• [Task statement] Output exactly the lines of the listing below that run from the line with "新型として登場した[Double Pocket Open" through the line with "Decorado com a". No pictures.

• [Exercise data]
--- START ---
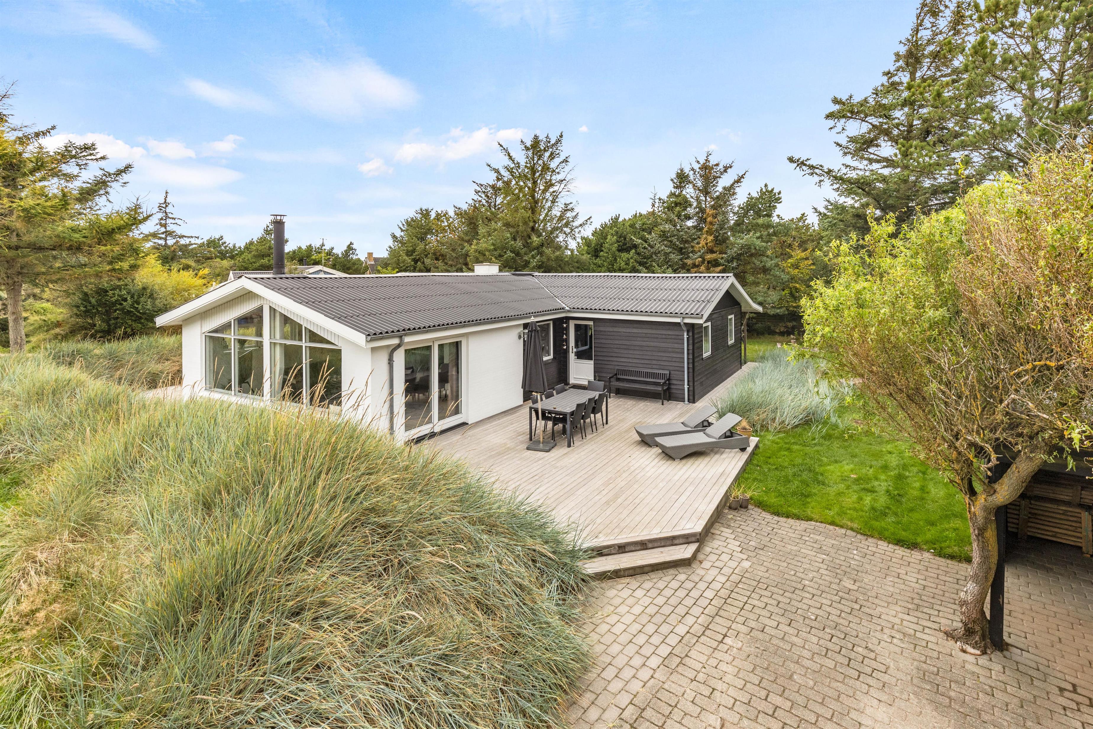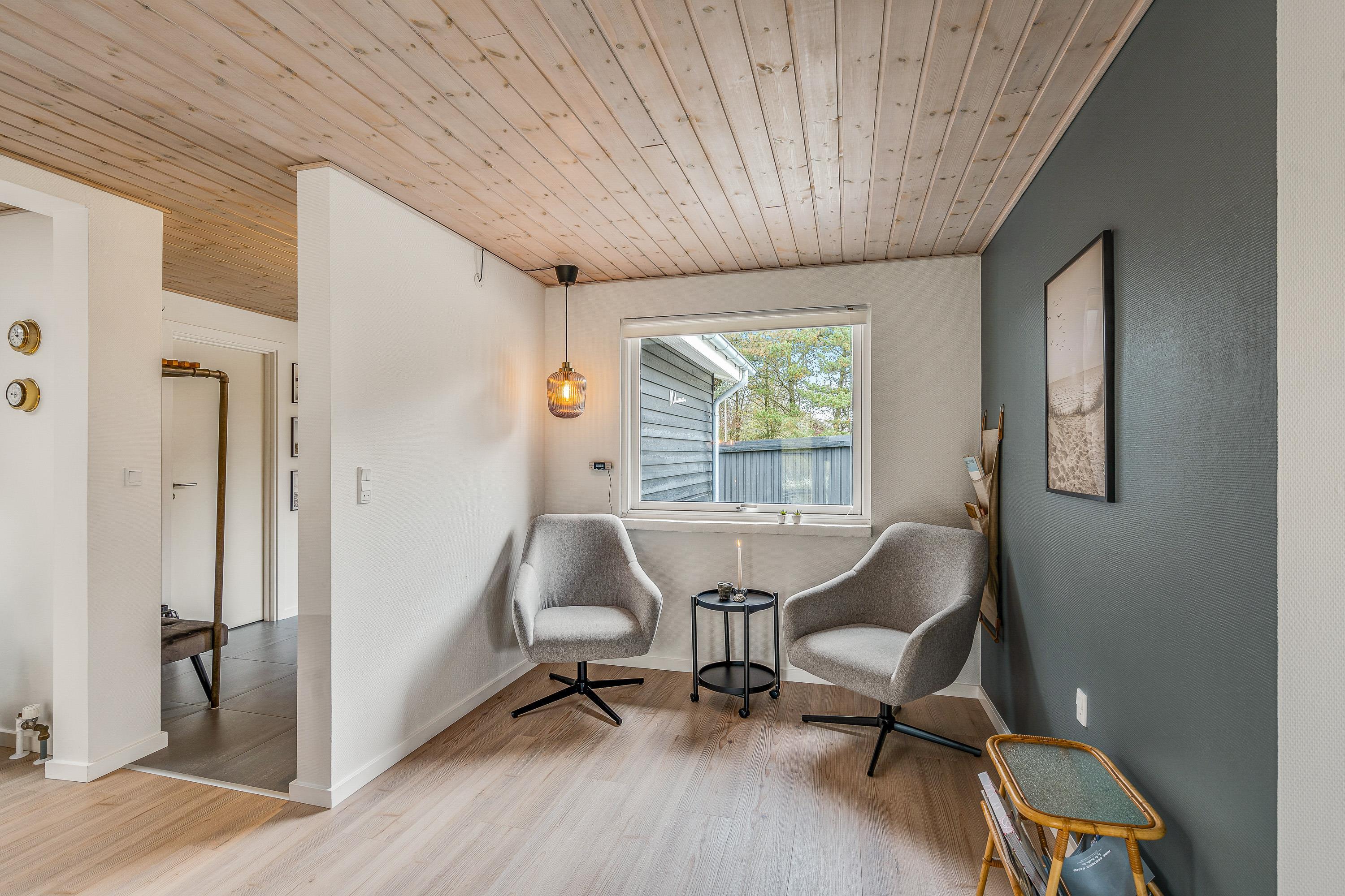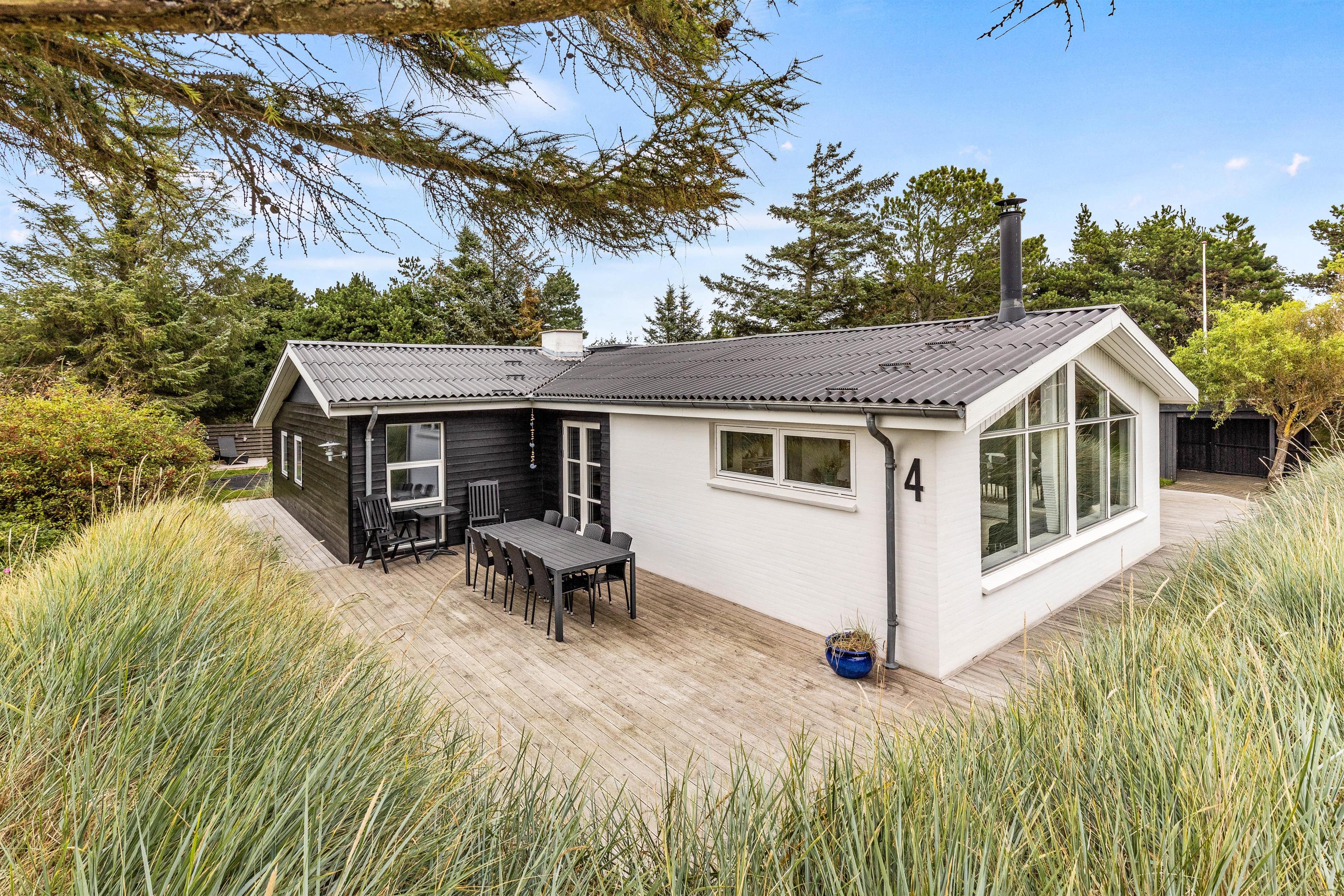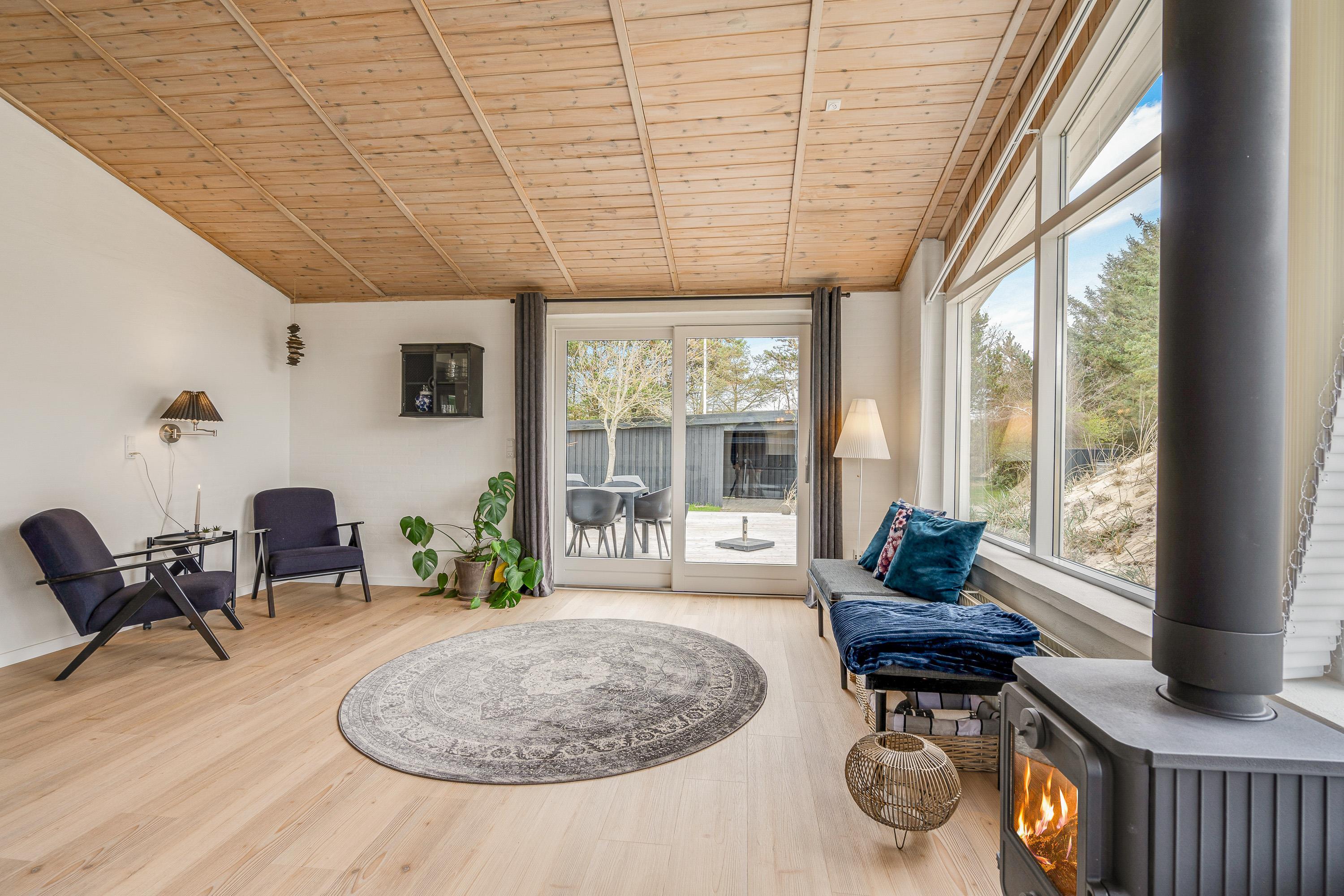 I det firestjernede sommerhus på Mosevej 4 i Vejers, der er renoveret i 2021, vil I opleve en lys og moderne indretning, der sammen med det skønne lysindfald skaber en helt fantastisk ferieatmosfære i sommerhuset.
--- END ---
--- START ---
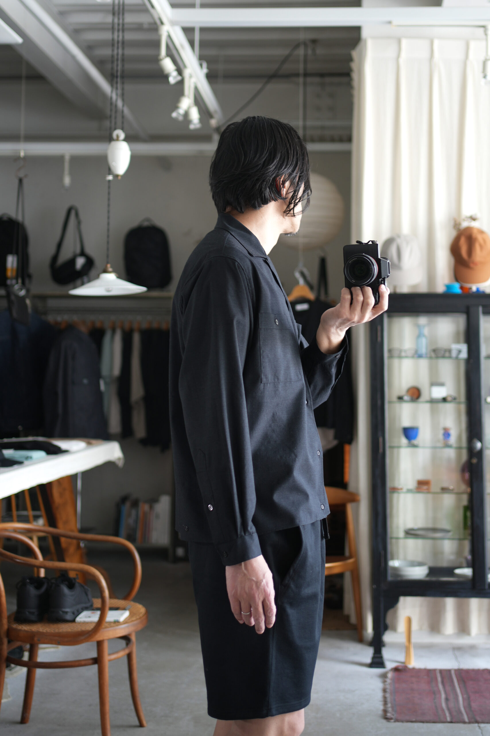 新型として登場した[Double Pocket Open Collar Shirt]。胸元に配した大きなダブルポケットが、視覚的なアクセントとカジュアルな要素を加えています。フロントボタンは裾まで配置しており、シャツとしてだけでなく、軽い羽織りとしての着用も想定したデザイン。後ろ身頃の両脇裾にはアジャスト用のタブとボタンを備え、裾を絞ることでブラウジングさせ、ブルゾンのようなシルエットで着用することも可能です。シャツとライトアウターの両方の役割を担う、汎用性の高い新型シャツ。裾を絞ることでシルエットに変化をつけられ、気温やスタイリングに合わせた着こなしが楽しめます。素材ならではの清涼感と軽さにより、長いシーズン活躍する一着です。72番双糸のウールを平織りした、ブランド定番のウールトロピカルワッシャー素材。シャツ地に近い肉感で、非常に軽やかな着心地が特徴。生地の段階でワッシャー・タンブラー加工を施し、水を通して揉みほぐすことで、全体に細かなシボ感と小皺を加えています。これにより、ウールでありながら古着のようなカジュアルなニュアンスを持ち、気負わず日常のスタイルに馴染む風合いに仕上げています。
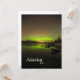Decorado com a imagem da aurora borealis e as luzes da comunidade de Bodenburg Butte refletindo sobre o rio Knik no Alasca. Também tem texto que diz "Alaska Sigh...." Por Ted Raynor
--- END ---
• [Response box]
 新型として登場した[Double Pocket Open Collar Shirt]。胸元に配した大きなダブルポケットが、視覚的なアクセントとカジュアルな要素を加えています。フロントボタンは裾まで配置しており、シャツとしてだけでなく、軽い羽織りとしての着用も想定したデザイン。後ろ身頃の両脇裾にはアジャスト用のタブとボタンを備え、裾を絞ることでブラウジングさせ、ブルゾンのようなシルエットで着用することも可能です。シャツとライトアウターの両方の役割を担う、汎用性の高い新型シャツ。裾を絞ることでシルエットに変化をつけられ、気温やスタイリングに合わせた着こなしが楽しめます。素材ならではの清涼感と軽さにより、長いシーズン活躍する一着です。72番双糸のウールを平織りした、ブランド定番のウールトロピカルワッシャー素材。シャツ地に近い肉感で、非常に軽やかな着心地が特徴。生地の段階でワッシャー・タンブラー加工を施し、水を通して揉みほぐすことで、全体に細かなシボ感と小皺を加えています。これにより、ウールでありながら古着のようなカジュアルなニュアンスを持ち、気負わず日常のスタイルに馴染む風合いに仕上げています。
Decorado com a imagem da aurora borealis e as luzes da comunidade de Bodenburg Butte refletindo sobre o rio Knik no Alasca. Também tem texto que diz "Alaska Sigh...." Por Ted Raynor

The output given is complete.